И именно против этой одежды благодати и грации направлена стратегия садиста. Особенная инкарнация, которой он добивается, — это "непристойность", не что иное, как утрата грации и благодати: "Непристойное является видом Бытия–для–Другого, который принадлежит к роду некрасивого [disgracieux[96]] <…>. Оно появляется, когда один из элементов грации нарушен при её реализации <…>, когда тело усваивает позы, которые полностью лишают его действий и открывают косность его плоти"[97]. Поэтому садист пытается всеми способами оголить плоть, силой заставить тело Другого принять несвойственные ему позы и положения, обнаруживающие непристойность, то есть непоправимую утрату грации и благодати как таковой.

14. Теории, глубоко — пусть даже и подсознательно —уходящие корнями в теологию, очень часто соответствуют действительности. Во многих странах недавно распространился вид садомазохистских публикаций, демонстрирующих будущую жертву сначала в элегантной одежде и в привычном для неё окружении: она улыбается, гуляет с подругами или внимательно рассматривает журнал. Перевернув страницу, читатель вдруг видит ту же девушку обнажённой, связанной и подверженной таким ограничениям, которые вынуждают её принимать самые неестественные и болезненные позы, лишающие всякого изящества даже её черты лица, деформированные и искажённые при помощи специальных инструментов. Садистские приспособления, все эти ремни, poires d’angoisse[98] и плети представляют собой идеальный светский эквивалент греха, который, по мнению теологов, срывает одежду благодати и грации, мгновенно высвобождая в теле их отсутствие, определяющее понятие "нагой телесности". То, что пытается уловить садист, — это всего лишь пустая оболочка благодати и грации, тень, которую человек в ситуации (одетая девушка с первой журнальной фотографии) или одеяние света отбрасывают на тело. Но, собственно, поэтому желаниям садиста — о чём Сартр не упускает возможности сказать — не суждено сбыться, ему никогда так и не удаётся стиснуть в руках "воплощение", ту "инкарнацию", какую он пытался создать при помощи всевозможных устройств. Конечно, кажется, будто результат достигнут: тело Другого превратилось в совершенно непристойную и задыхающуюся плоть, которая покорно остаётся в том положении, что придал ей палач, словно окончательно лишившись свободы, грации и благодати. Однако именно эта свобода и остаётся для палача абсолютно недостижимой: "И чем больше садист ожесточается, чтобы обратить Другого в инструмент, тем больше эта свобода от него ускользает"[99].
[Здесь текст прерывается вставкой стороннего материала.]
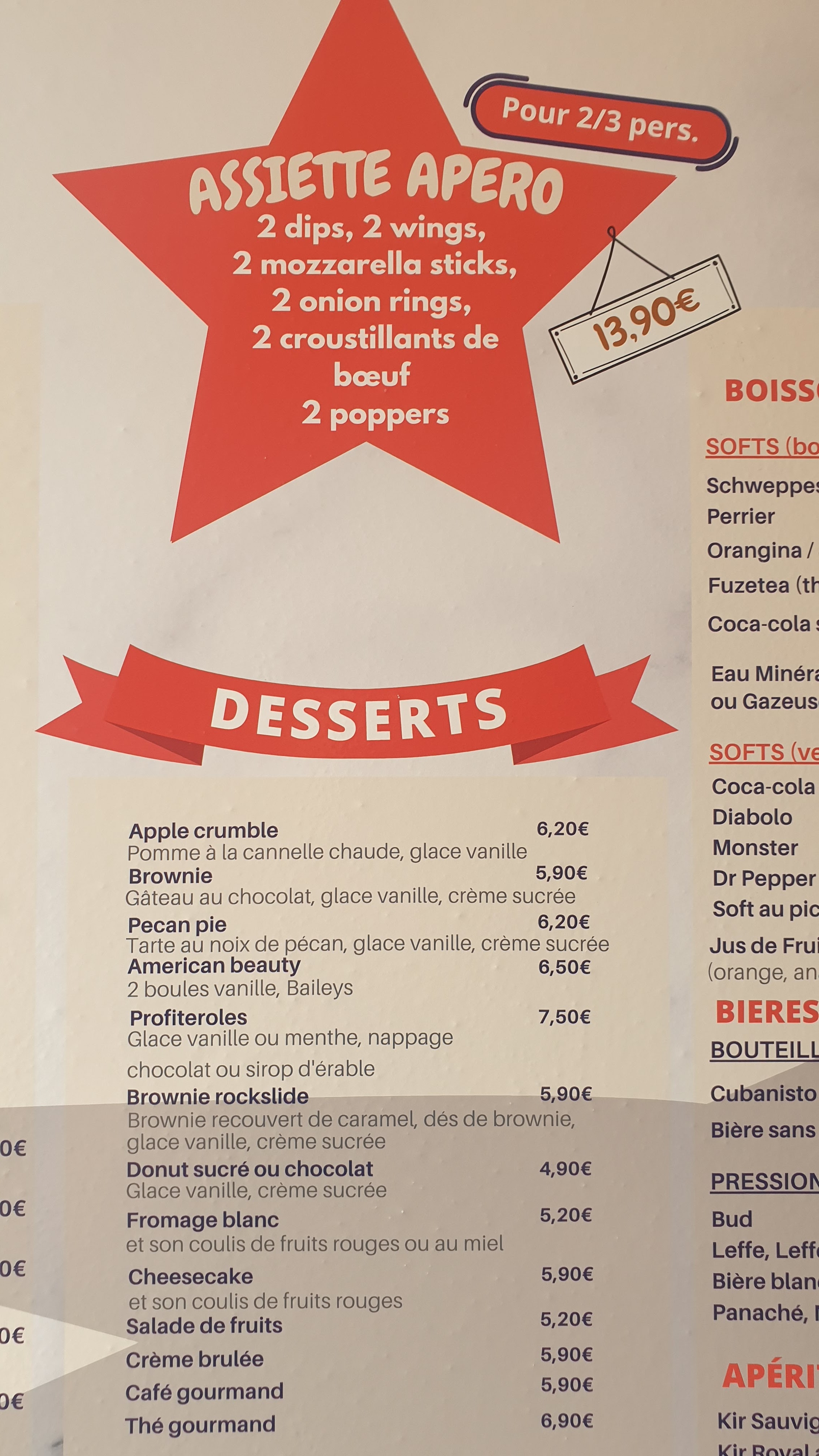 Nous avons hésité avant d'entrer mais n'avons finalement pas regretté la visite. Le menu est sympa avec de vrais spécialités américaines. L'assiette apéro est très bonne avec différentes pièces que l'on trempe dans la sauce cheddar ou barbecue. Pour les plats les propositions s'orientent essentiellement autour de la viande qui représente la spécialité maison. Nous avons opté pour mes burgers et c'était parfait, avec une bonne viande de bœuf. On ne triche pas sur les quantités et l'ensemble est très bon. Petite déception sur les frites qui ne sont pas exceptionnelles, une frite fraîche aurait été plus appropriée pour accompagner un si beau burger ! Pour le dessert, là c est le top, de bonnes glaces américaines à prix abordable et bien servies. C'est une excellente surprise qui permet de conclure sur une très bonne note. L'addition est fidèle à ce que nous avons commandé, pas de surprise même si j ai réclamé un petit peu de coleslaw avec ma salade 🥗. Enfin, il y a un très bon service plutôt rapide avec de la bonne humeur et du sourire. C'est toujours mieux pour passer un bon moment. Le cadre est sympa avec une belle décoration dans le thème américain et la pépite c'est le survol d'un petit avion au dessus de nos têtes. Il y a tout de même un point négatif, c'est extrêmement bruyant car c'est une grande salle, ce qui impose de parler fort et de partager la conversation avec le voisin.

Нагота, та "неграциозность", которую пытается уловить садист, — это всего лишь, как и нагая телесность Адама для теологов, ипостась, недолговечная попытка удержать свободу, грацию и благодать, иначе говоря, нагота — это предварительное условие грации и благодати, необходимое для того, чтобы такая вещь, как грех, могла произойти. Нагая телесность, подобно нагой жизни, — это лишь смутный, неосязаемый носитель вины. На самом деле только обнажение, только это бесконечное движение лишает тело и одежды, и грации, и благодати. Нагота в нашей культуре напоминает в итоге прекраснейшую женскую обнажённую модель — ту самую, которую Клементе Сузини[100] изваял из воска для Музея естественной истории великого герцога Тосканы. С этой модели можно снять верхнюю часть, слой за слоем открывая сначала грудные и брюшные стенки, затем строение лёгких и грудной полости с большим сальником сверху, затем сердце и кишечную петлю и, наконец, матку, где виден небольшой зародыш. Но сколько бы мы ни открывали и ни разглядывали модель, нагое тело выпотрошенной красавицы по–прежнему недосягаемо.
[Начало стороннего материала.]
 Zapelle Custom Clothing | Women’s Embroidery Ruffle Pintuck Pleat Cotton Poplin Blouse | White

С этим связаны порочность и чуть ли не священность, которые мы приписываем телу. Как и природа, нагота порочна, поскольку доступ к ней можно получить, лишь сняв одежду (благодать и грацию).

15. В ноябре 1981 года Хельмут Ньютон опубликовал в журнале Vogue изображение в форме диптиха, позднее получившее известность как "They are coming"[101]. На левой странице журнала можно было лицезреть четырёх совершенно обнажённых женщин (на них не было ничего, кроме туфель, от которых фотограф, по–видимому, не смог отказаться), ступающих равнодушно и неприступно, как модели на подиуме. На противоположной странице справа была помещена фотография тех же моделей в тех же, идентичных позах, но на этот раз на них была безупречная, элегантная одежда. Необычный эффект диптиха состоит в том, что эти два изображения, несмотря ни на что, по сути, одинаковы. Модели надевают свою наготу точно так же, как на соседней странице они надевают одежду. И хотя теологические задачи вряд ли интересовали фотографа, здесь со всей очевидностью подразумевается и, возможно, подсознательно подвергается сомнению диспозитив нагота/одежда. Особенно учитывая, что двумя годами позже Ньютон повторно опубликовал этот диптих в серии Big Nudes'[102] и изменил порядок следования фотографий так, чтобы изображение одетых женщин предшествовало изображению обнажённых, как в Раю, где одеяние благодати предшествовало обнажению. Но и в этом порядке общее впечатление не изменилось: ни у моделей, ни у зрителей не открылись глаза, не появились ни стыд, ни слава, ни pudenda, ни glorianda. И сходство этих двух фотографий ещё больше усиливается за счёт лиц моделей, выражающих в обоих случаях, как и положено манекенщицам, всё то же безразличие. Лицо, являющееся на изображениях грехопадения той деталью, посредством которой художник передаёт страдание, стыд и смятение падших (сразу же вспоминается фреска Мазаччо из капеллы Бранкаччи во Флоренции), здесь, приобретя ледяную бесстрастность, перестаёт быть лицом.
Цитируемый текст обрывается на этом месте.